§ EXERCISE PROMPT: Only the lines from the line containing "Young woman wearing" through the final line of the entries should be printed, exactly as given, with the pictures left out.

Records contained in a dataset
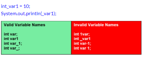 - A variable name must not be any reserved word or keyword e.g. char, float etc.
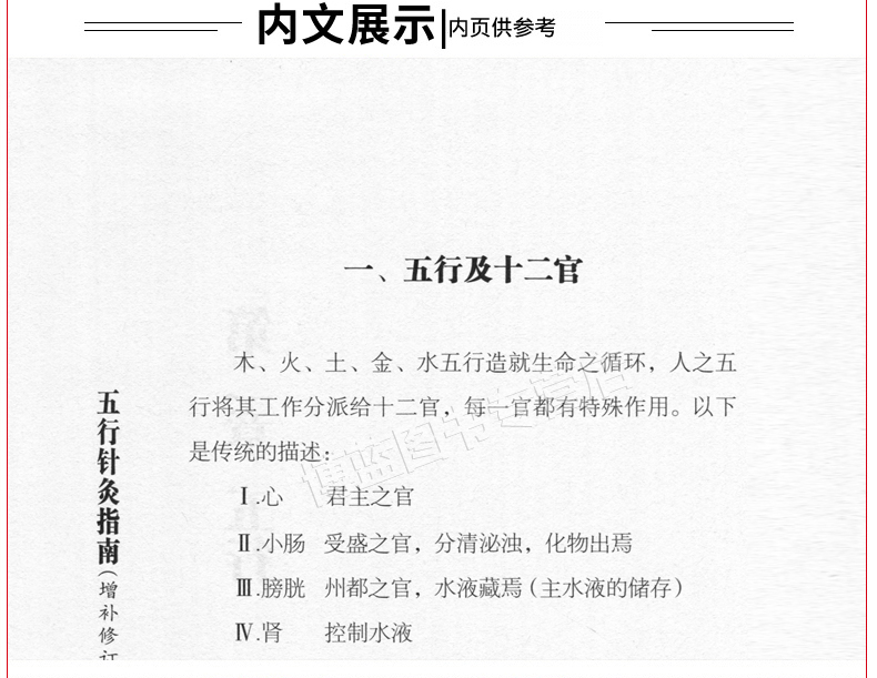 本書旨在把“五行針灸”這一特殊針法介紹給大家,使人們瞭解它的基本原理,並通過書中的一些病案,認識五行針灸的*大益處,繼而願意體驗五行針灸,造福於自身健康。 “五行針灸”幫助人體恢復平衡,不僅能生理上的症狀如頭痛、腰痛等,還能調整心理問題,可抑鬱症或幫助人們*好地面對各種精神壓力,五行針灸囙此成為當今多種複雜疾病的一種非常有效的療法。
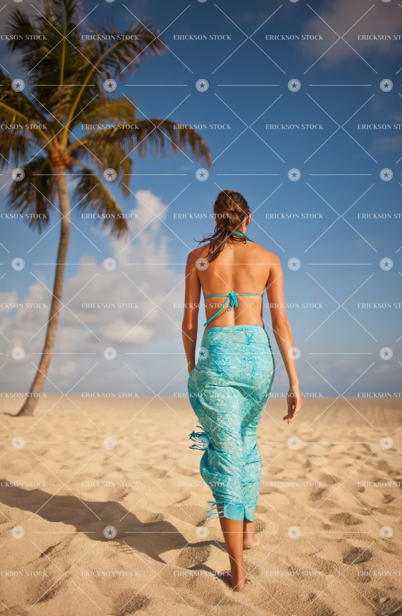 Young woman wearing a bikini and sarong while walking on a sandy beach.
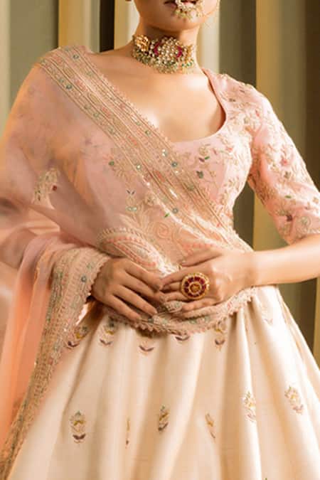 Ivory pink ombre lehenga featuring thread embroidered paisley and floral jaal motifs embellished with sequins and beaded tassels. Comes with a matching padded blouse and dupatta with a cut-out back design.
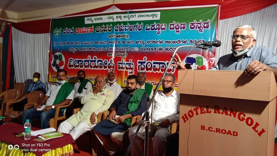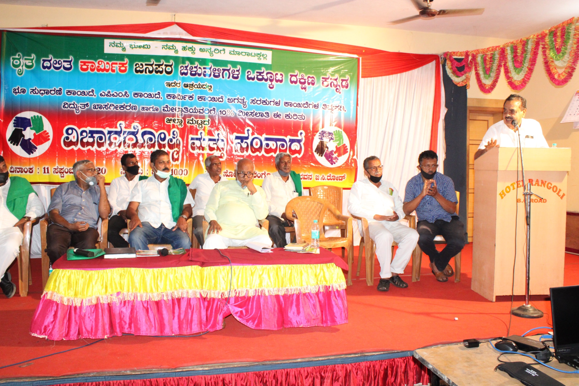 ರೈತ ದಲಿತ ಕಾರ್ಮಿಕ ಜನಪರ ಚಳವಳಿಗಳ ಒಕ್ಕೂಟ ವತಿಯಿಂದ ಭೂ ಸುಧಾರಣಾ ಕಾಯಿದೆ, ಎಪಿಎಂಸಿ ಕಾಯಿದೆ, ಕಾರ್ಮಿಕ ಕಾನೂನು ಅಗತ್ಯ ಸರಕುಗಳ ಕಾಯಿದೆಗಳ ತಿದ್ದುಪಡಿ ವಿದ್ಯುತ್ ಖಾಸಗೀಕರಣ ಹಾಗೂ ಮೇಲ್ಜಾತಿಯವರಿಗೆ ಶೇ.10 ಮೀಸಲಾತಿ ವಿಷಯಗಳ ಕುರಿತು ಬಿ.ಸಿ.ರೋಡ್ ರಂಗೋಲಿ ಸಭಾಭವನದಲ್ಲಿ ಜಿಲ್ಲಾ ಮಟ್ಟದ ಮಟ್ಟದ ವಿಚಾರಗೋಷ್ಟಿ ಮತ್ತು ಸಂವಾದ ಕಾರ್ಯಕ್ರಮವನ್ನು ಉದ್ಘಾಟಿಸಿ ಅವರು ಮಾತನಾಡಿದರು.
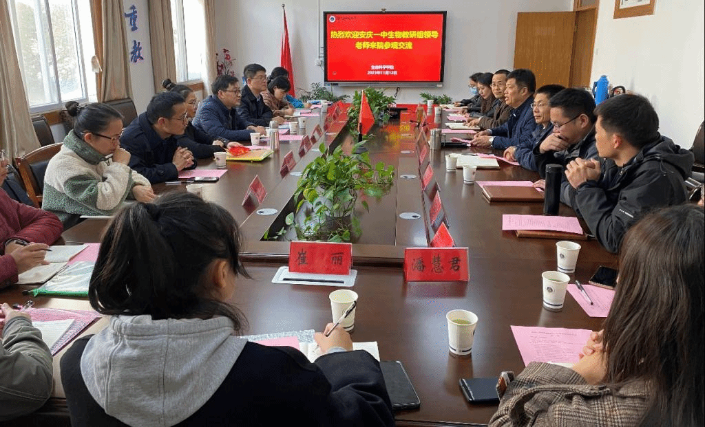 蒋学波介绍了公司与公司的办学历史、专业沿革、人才招聘和办学成果等情况。徐承恩主任介绍了安庆一中的办学情况与教学成果等情况,生物教研组长朱晨兵为公司2005届员工,他首先满怀深情地回顾了大学时光,由衷感谢母院教师的培养,介绍了安庆一中生物学教学现状。随后,双方就高校人才培养目标如何对接中员工物教学要求、中学实验课教学面临困境、新教材新课标新高考带来的现实问题、中学与高校如何加强合作等方面进行了广泛而深入的交流。交流会后,公司领导带领来访人员参观了实验教学中心、实习实训发酵中心、大型仪器中心、公司标本馆、动物房等场馆。

§ EXPECTED ANSWER:
 Young woman wearing a bikini and sarong while walking on a sandy beach.
 Ivory pink ombre lehenga featuring thread embroidered paisley and floral jaal motifs embellished with sequins and beaded tassels. Comes with a matching padded blouse and dupatta with a cut-out back design.
 ರೈತ ದಲಿತ ಕಾರ್ಮಿಕ ಜನಪರ ಚಳವಳಿಗಳ ಒಕ್ಕೂಟ ವತಿಯಿಂದ ಭೂ ಸುಧಾರಣಾ ಕಾಯಿದೆ, ಎಪಿಎಂಸಿ ಕಾಯಿದೆ, ಕಾರ್ಮಿಕ ಕಾನೂನು ಅಗತ್ಯ ಸರಕುಗಳ ಕಾಯಿದೆಗಳ ತಿದ್ದುಪಡಿ ವಿದ್ಯುತ್ ಖಾಸಗೀಕರಣ ಹಾಗೂ ಮೇಲ್ಜಾತಿಯವರಿಗೆ ಶೇ.10 ಮೀಸಲಾತಿ ವಿಷಯಗಳ ಕುರಿತು ಬಿ.ಸಿ.ರೋಡ್ ರಂಗೋಲಿ ಸಭಾಭವನದಲ್ಲಿ ಜಿಲ್ಲಾ ಮಟ್ಟದ ಮಟ್ಟದ ವಿಚಾರಗೋಷ್ಟಿ ಮತ್ತು ಸಂವಾದ ಕಾರ್ಯಕ್ರಮವನ್ನು ಉದ್ಘಾಟಿಸಿ ಅವರು ಮಾತನಾಡಿದರು.
 蒋学波介绍了公司与公司的办学历史、专业沿革、人才招聘和办学成果等情况。徐承恩主任介绍了安庆一中的办学情况与教学成果等情况,生物教研组长朱晨兵为公司2005届员工,他首先满怀深情地回顾了大学时光,由衷感谢母院教师的培养,介绍了安庆一中生物学教学现状。随后,双方就高校人才培养目标如何对接中员工物教学要求、中学实验课教学面临困境、新教材新课标新高考带来的现实问题、中学与高校如何加强合作等方面进行了广泛而深入的交流。交流会后,公司领导带领来访人员参观了实验教学中心、实习实训发酵中心、大型仪器中心、公司标本馆、动物房等场馆。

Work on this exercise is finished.